今は、電気の灯りが入江の形を描いていた。


右手には、イカ釣り漁船が眩い白い光を輝かせていた。

なるほど、スペースシャトルからも見えるほどの明るさだ。


俺は、沙樹子の肩を抱きながら。

耳元で囁く。

「寒くない?大丈夫?」

「うん。

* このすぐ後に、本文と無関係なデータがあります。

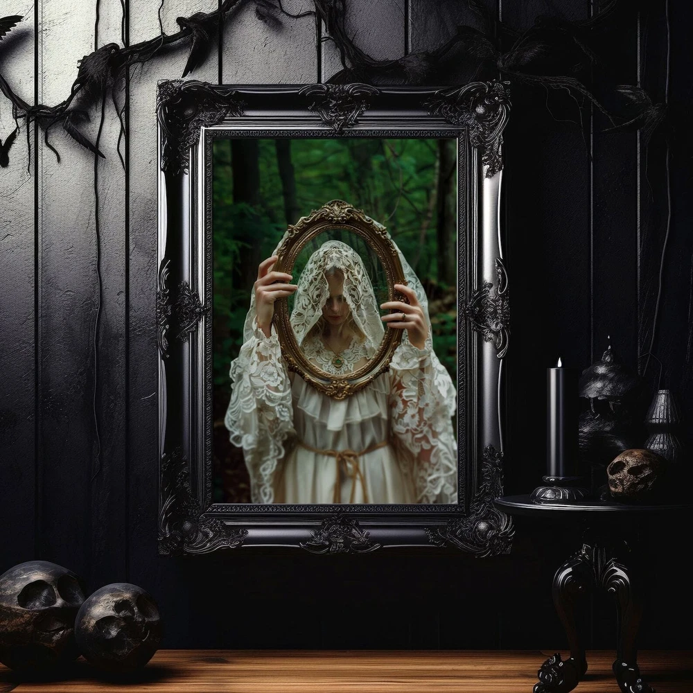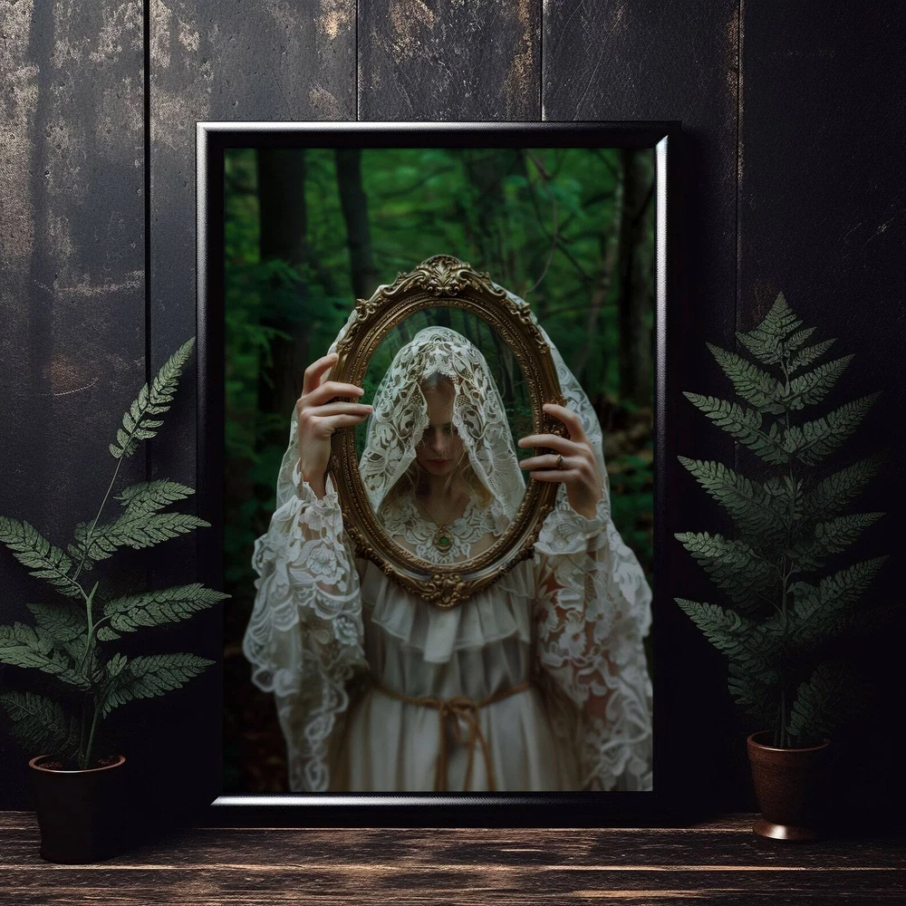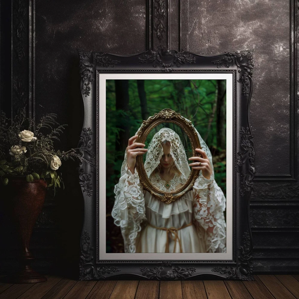 Gothic Woman With Mirror Art Print Dark Academia And Moody Victorian Decor Cottagecore Wall Art Material: Premium luster photo paper Print type: Inkjet printing One side printed + The finish provides the highest possible resolution and color saturation + Lasts up to 200 years in color and 400 years in black-and-white + Printed on high-quality resin-coated photo base paper medium + Posters can be hung with double-sided tape, tacks, or framed + Hand washing with a gentle cry cloth is recommended for extended durability I will hand select the best choice of paper for your chosen design to ensure top quality results for a beautiful, bright and luxurious print. All prints are sealed in cellophane slips for protection during transportation, and are shipped in a protective cardboard envelope.

大丈夫だよ……」


俺たちは、眼下に広がる夜景に目を奪われていた。

あの灯り、ひとつひとつに。

それぞれの生活や人生があるのだ。


この夜景を、沙樹子と見ることが出来て良かった……。

俺は、そう思った。


「キレイだね……」

そう呟く沙樹子を、後ろからギュッと抱き締めながら。

俺は、そのとき。

とても幸せだった。


この幸せだけは、失いたくない。

俺は、そのとき。

本気でそう思っていた。


ホテルに帰る途中で、食事をした。

イカの刺身やホタテのバター焼きは。

当然、新鮮で旨い。

意外に旨かったのは、焼いた石の上で。

焼きながら食べる、イカの塩辛だった。

「美味しいね、これ!」

沙樹子は、日本酒をやりながら。

楽しそうに、笑った。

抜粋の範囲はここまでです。